Wednesday, October 10, 2018

Small Black Chunks Of Ash



We went for a hike together on the Solheimajokull glacier here in Iceland, some 30 of us from all over the world, early childhood educators here for the Play Iceland conference. We've come together to reflect upon our practices, to think about the children we teach, to study a culture that does many things well, to be inspired, and to learn from one another.


Hiking on a glacier is a lot of work, but we're all accustomed to hard work. It takes us outside our comfort zone, but we're all accustomed to that as well. It requires full concentration, the dangers are real, the consequence of a false step dire, there is no place for our own petty worries as we find ourselves moving forward step over simple step, placing our feet firmly before focusing on the next, but this is how we spend our days anyway: it's what working with young children demands. And we must rely upon one another, sticking together, stopping to wait when someone tires or falls or struggles with unfamiliar equipment, we do it together or not at all, and that too is part of the life of an educator.

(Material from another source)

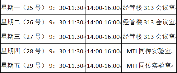 地点:经管楼313会议室、MTI同声传译实验室(外语楼403)

A glacier is really a river flowing in slow motion, this particular one moving at a rate of 2 centimeters per day, seeking its own level on its way to the sea, which is the destination of all rivers, shaping the landscape as it goes, eroding, creating a new the landscape over decades and centuries. But, of course, it doesn't stop there. Evaporation pulls the water back into the sky where it forms into clouds to be carried back to the tops of mountains where it falls as snow to once more begin its long, slow journey back to the sea.


Glaciers in Iceland are dusted in the black ash from the active volcanos here, gritty stuff that crunched under our clampons, the spiked footwear that made our trek possible. The ice itself was riddled with holes, most of them tiny, but many large enough to break a leg or even to swallow a whole body. Some have grown into caves. As we waited for the others to catch up, our guide pointed to a larger chunk of ash, about the size of a thumb, saying, "Do you see this rock? This is where a hole will form, maybe even becoming a cave." He explained that the small black rock will absorb more heat from the sun than the white ice that surrounds it, causing it to melt the ice beneath it, causing it to slowly drill into the ice. The hole will fill with water which will accelerate the melting, making the hole larger and larger, over decades, until it is a cave the size of the one we entered yesterday, one at a time to stand in awe and take our pictures.

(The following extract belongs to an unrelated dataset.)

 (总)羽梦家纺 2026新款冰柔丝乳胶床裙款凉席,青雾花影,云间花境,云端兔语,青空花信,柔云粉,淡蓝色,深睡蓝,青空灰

All of us here for the conference are play-based early childhood educators, people who have looked at the research about how children learn, about how humans learn, and have committed ourselves to doing what is right for the children we teach. We've taken this week to stop hiking on our own glaciers in order to take a breath and examine our work from a new perspective, in the company of like-minded people. One of the big questions we ask ourselves is how do we help more people understand that this is the direction we must go? To demand it? Will we ever be able to convince policy-makers, opinion-leaders, parents, and other educators that if we care about raising a generation of humans with the critical thinking skills, the creativity, the self-motivation, and the ability to work together to solve the enormous problems our world faces, it must be through allowing them to ask and answer their own questions? Some of us have been wondering about this, and working on this, for decades, and it sometimes feels that we've not made any progress at all. It feels as if we are frozen, as we continue to institutionalize most our children in places that are frozen in a past that was created by nothing more than the habit of believing that adults must tell children what to learn, how to learn, and by when.


But then I think that maybe we are those small black chunks of ash, not much to look at, but perhaps slowly melting the ice, creating holes in the command-and-control model that grinds away at the natural curiosity of children, reducing them rather than lifting them up. I grow impatient. I worry about the all the children, even as I try to stay focused on the few that come my way, but I like to think that the circle of thaw around me is widening, growing. I hope that by joining my hole with those being created by like-minded others, we are carving out larger and larger places in which children can educate themselves the way they were designed to do it. Indeed, I have to believe that is what is happening because continuing to do the same thing we've been doing is obviously not working, not for the children, and not for any of us.